THE TASK ->
Your output should be the exact lines from the start of the data through the line containing "Συνέντευξή του Δημήτρη", with no pictures.

RECORDS FOR THE EXERCISE ->
────────────────────────────────────────

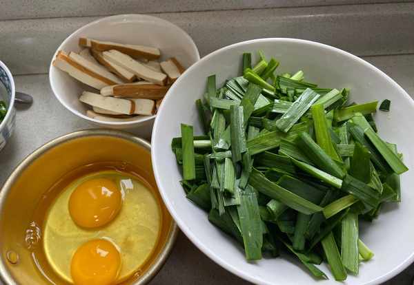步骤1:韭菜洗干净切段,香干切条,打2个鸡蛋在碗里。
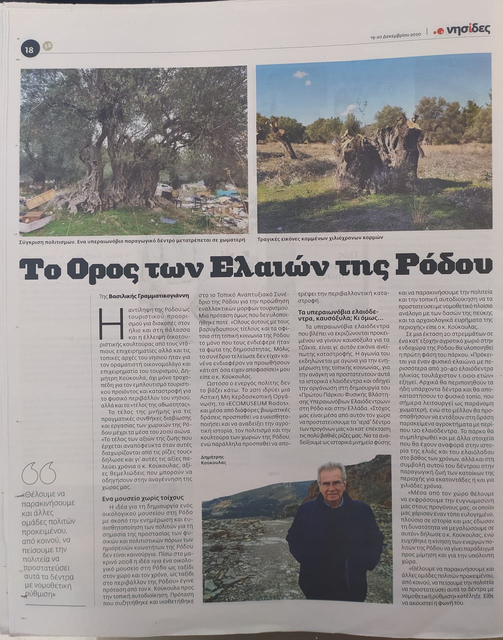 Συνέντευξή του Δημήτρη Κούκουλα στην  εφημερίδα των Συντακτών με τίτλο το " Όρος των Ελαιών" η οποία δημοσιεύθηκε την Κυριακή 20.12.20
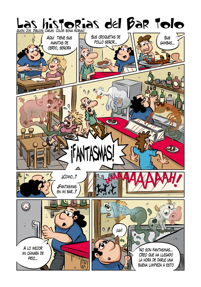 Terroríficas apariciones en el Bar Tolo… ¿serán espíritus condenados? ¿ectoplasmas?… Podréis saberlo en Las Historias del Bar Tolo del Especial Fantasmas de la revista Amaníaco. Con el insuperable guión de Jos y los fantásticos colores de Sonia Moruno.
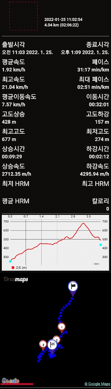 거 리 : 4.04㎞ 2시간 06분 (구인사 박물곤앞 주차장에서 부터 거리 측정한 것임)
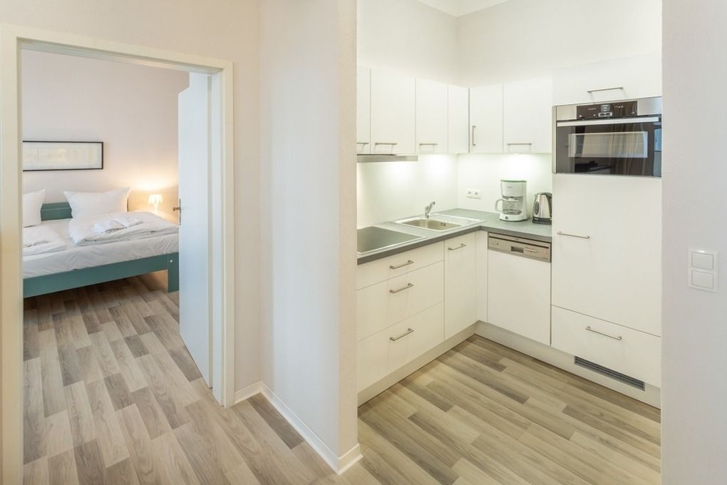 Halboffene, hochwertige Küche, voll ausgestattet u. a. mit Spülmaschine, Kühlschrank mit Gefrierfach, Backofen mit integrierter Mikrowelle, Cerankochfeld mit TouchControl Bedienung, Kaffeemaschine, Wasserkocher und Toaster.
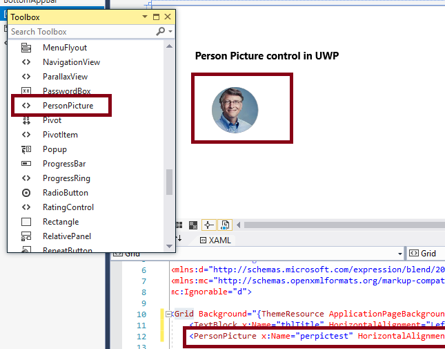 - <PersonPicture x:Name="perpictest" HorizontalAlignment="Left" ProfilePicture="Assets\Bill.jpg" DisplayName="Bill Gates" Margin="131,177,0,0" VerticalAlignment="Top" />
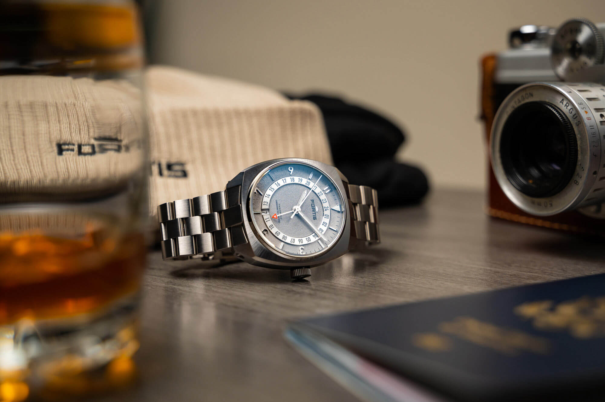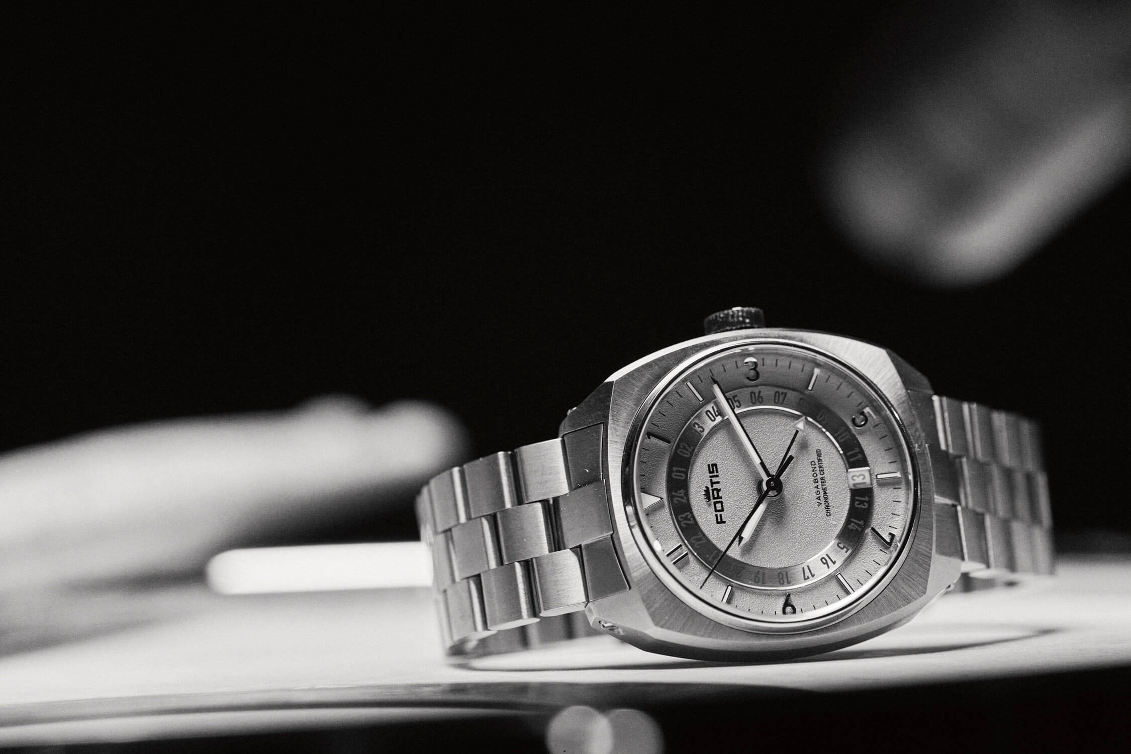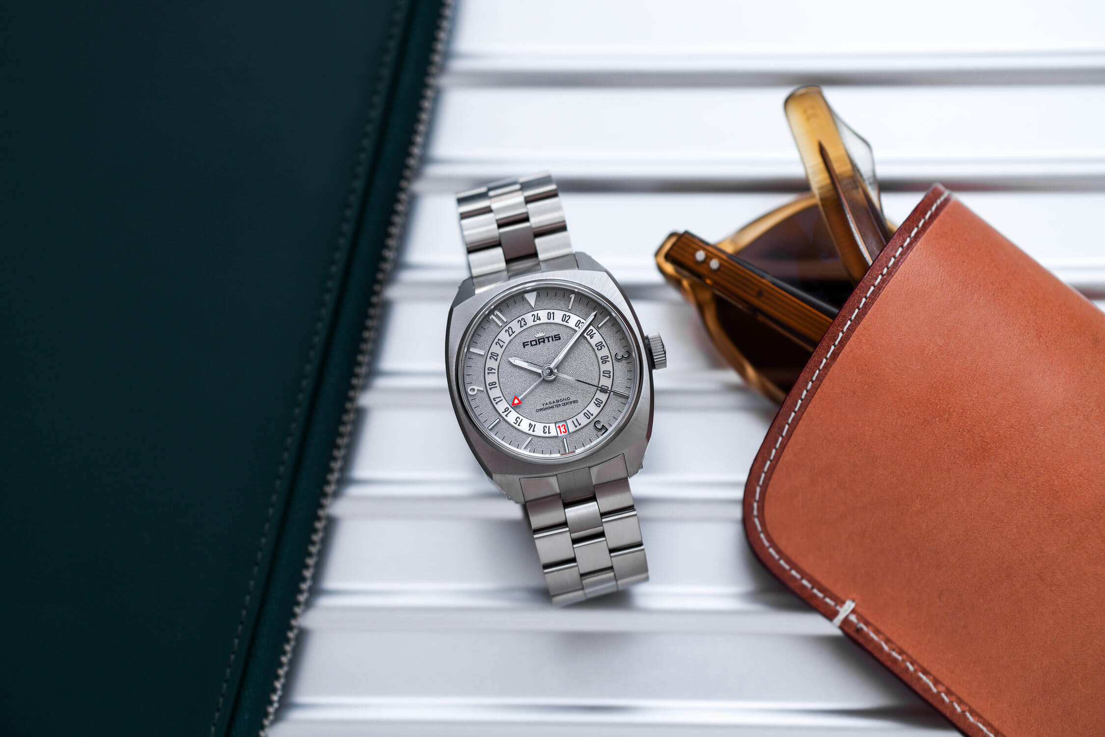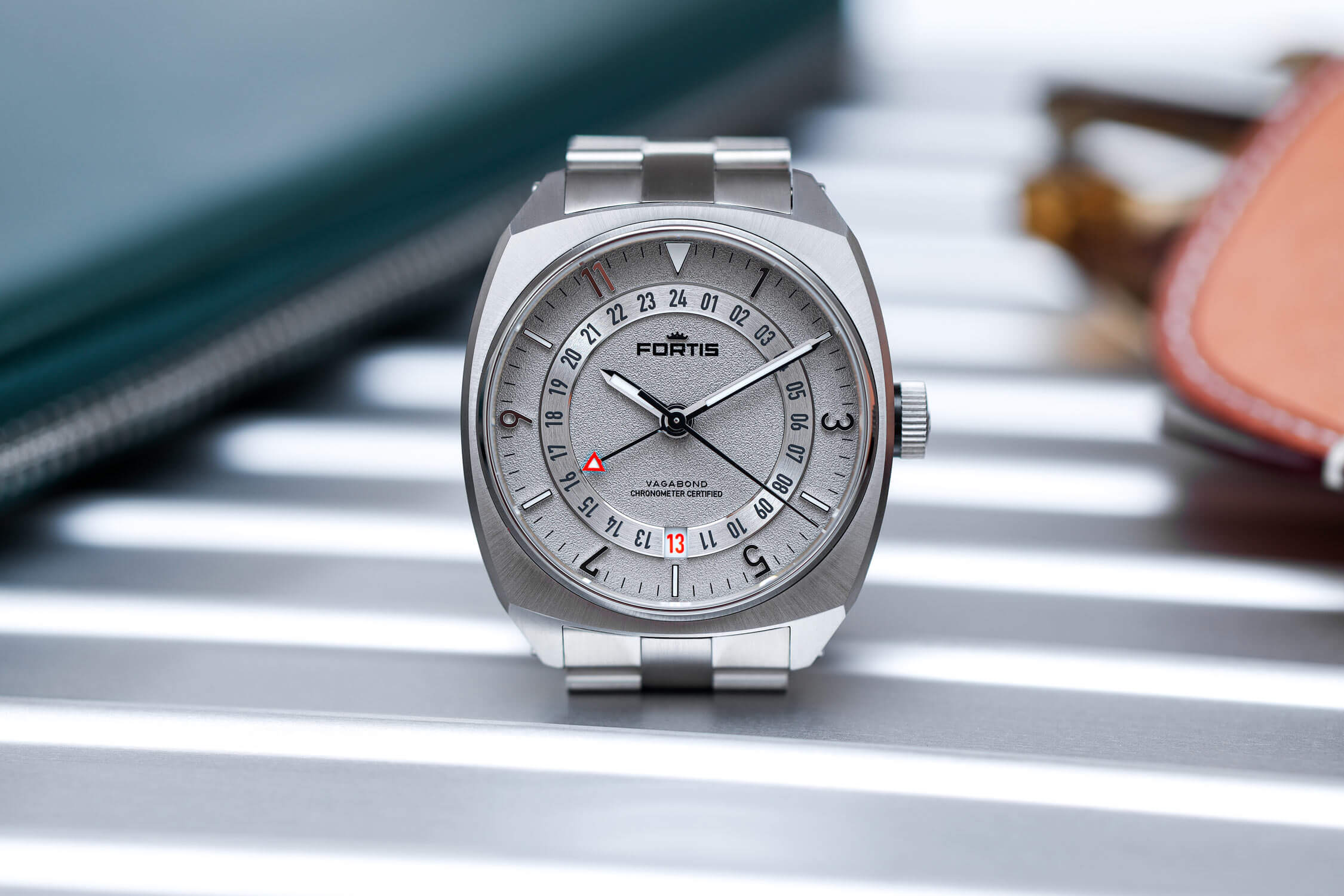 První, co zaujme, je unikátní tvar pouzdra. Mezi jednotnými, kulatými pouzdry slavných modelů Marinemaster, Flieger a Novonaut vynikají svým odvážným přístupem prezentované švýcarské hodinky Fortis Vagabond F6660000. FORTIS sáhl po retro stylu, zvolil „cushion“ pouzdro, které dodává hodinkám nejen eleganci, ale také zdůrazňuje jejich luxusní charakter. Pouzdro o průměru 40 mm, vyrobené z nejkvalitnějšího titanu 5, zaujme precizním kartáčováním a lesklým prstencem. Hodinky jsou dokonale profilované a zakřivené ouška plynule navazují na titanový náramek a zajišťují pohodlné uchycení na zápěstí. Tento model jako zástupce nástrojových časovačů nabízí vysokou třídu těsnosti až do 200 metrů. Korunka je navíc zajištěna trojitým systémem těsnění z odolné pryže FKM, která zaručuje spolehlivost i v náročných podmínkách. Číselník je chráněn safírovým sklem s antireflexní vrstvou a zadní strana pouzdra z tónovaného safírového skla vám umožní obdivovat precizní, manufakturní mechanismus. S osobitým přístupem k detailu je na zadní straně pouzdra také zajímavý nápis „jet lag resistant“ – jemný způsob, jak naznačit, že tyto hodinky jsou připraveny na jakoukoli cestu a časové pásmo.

────────────────────────────────────────

RESPONSE FOR THIS EXERCISE ->
步骤1:韭菜洗干净切段,香干切条,打2个鸡蛋在碗里。
 Συνέντευξή του Δημήτρη Κούκουλα στην  εφημερίδα των Συντακτών με τίτλο το " Όρος των Ελαιών" η οποία δημοσιεύθηκε την Κυριακή 20.12.20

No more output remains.